Cenas, charlas y política: 40 años de Mastropiero, la primera pizzería de Malasaña
Hoy en Malasaña hay pizzerías a patadas pero como Mastropiero, ninguna. Además de ser la primera que se abrió en el barrio -Sandos (1983) y Maravillas (1984) llegarían poco después- cuenta con Mirta, su dueña, como ingrediente especial
Aunque hace 16 años que debería de haberse jubilado, Lilia Mirta Agostini Castro sigue como referente de Mastropiero, la primera pizzería que se abrió en Malasaña. Este negocio cumple cuatro décadas de existencia en 2021 y toca acercarse a él, o regresar, antes de que ya no esté.
“Yo no me quiero morir aquí, pero me gusta la gente y voy a seguir hasta que pueda. En cualquier caso, me queda poco”, confiesa Mirta, una combativa mujer de 81 años que prefiere hablar de política, de filosofía de vida, de derechos laborales, de dictaduras sudamericanas, de la reciente subida de la luz o de la necesidad de luchar por una sanidad pública -entre otras cosas-, antes que hacerlo de la historia de su local.
Las pizzas y empanadas de Mastropiero, cuya calidad no vamos a descubri a estas alturas, llevan un impagable ingrediente extra, social y reflexivo, que las hace únicas; un sabor que se puede apreciar en toda su intensidad los días de menos ajetreo, cuando Mirta tiene más tiempo para hablar con los clientes.

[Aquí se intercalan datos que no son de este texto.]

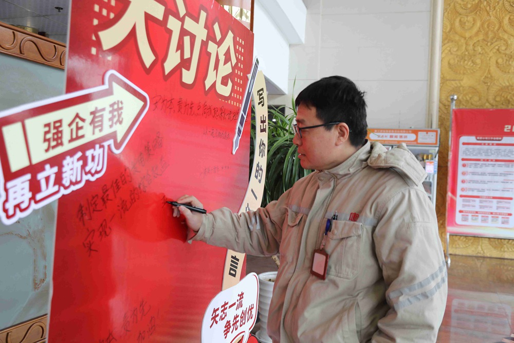 打卡,不僅是對目標(biāo)的記錄,更是對自我成長的見證;誓言,不僅是對未來的期許,更是對責(zé)任的擔(dān)當(dāng)?;顒蝇F(xiàn)場,職工們依次有序地走向留言板,紛紛在展板上“落筆為誓”,一筆一劃地寫出自己的一流誓言,表達(dá)著自己誓要“矢志一流爭先創(chuàng)優(yōu) 強(qiáng)企有我再立新功”的堅定決心。“制定最佳的發(fā)電策略,實現(xiàn)一流的綜合效益”“建設(shè)一流的供應(yīng)鏈,筑牢企業(yè)成本優(yōu)勢”“深挖設(shè)備潛能,爭創(chuàng)一流能耗水平”“安為本,責(zé)為先,點滴抓起深化一流安全管理”……一句句熱血的誓言充盈著整張展板,他們筆下的每一個字都充滿了力量和奮斗的光芒,激勵著每一位職工把承諾深深鐫刻在心里,并轉(zhuǎn)化為實際行動。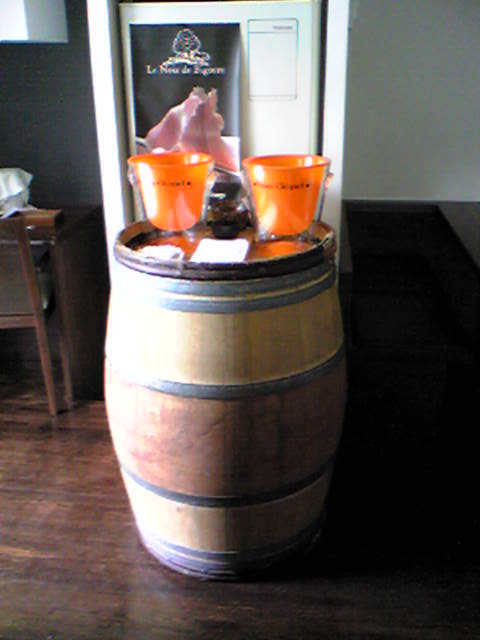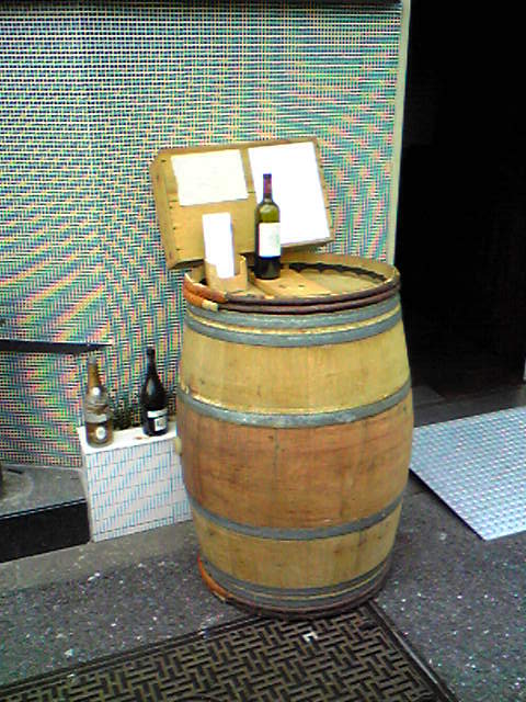 もうひとつは外の入り口脇に置きました。なんといっても「ワインがありますよ」ってカンジが一目でわかるし、このデカイ物が圧倒的な存在感を出しますよね。

“Me espanta lo que veo. La gente se ha quejado por el tiempo que hemos tenido que vivir confinados sin darse cuenta de que ya estábamos viviendo así. El sistema tiende a aislarnos: el teletrabajo no nos hace más libres sino más débiles y las nuevas tecnologías, el móvil, provocan que no nos miremos tanto como deberíamos”.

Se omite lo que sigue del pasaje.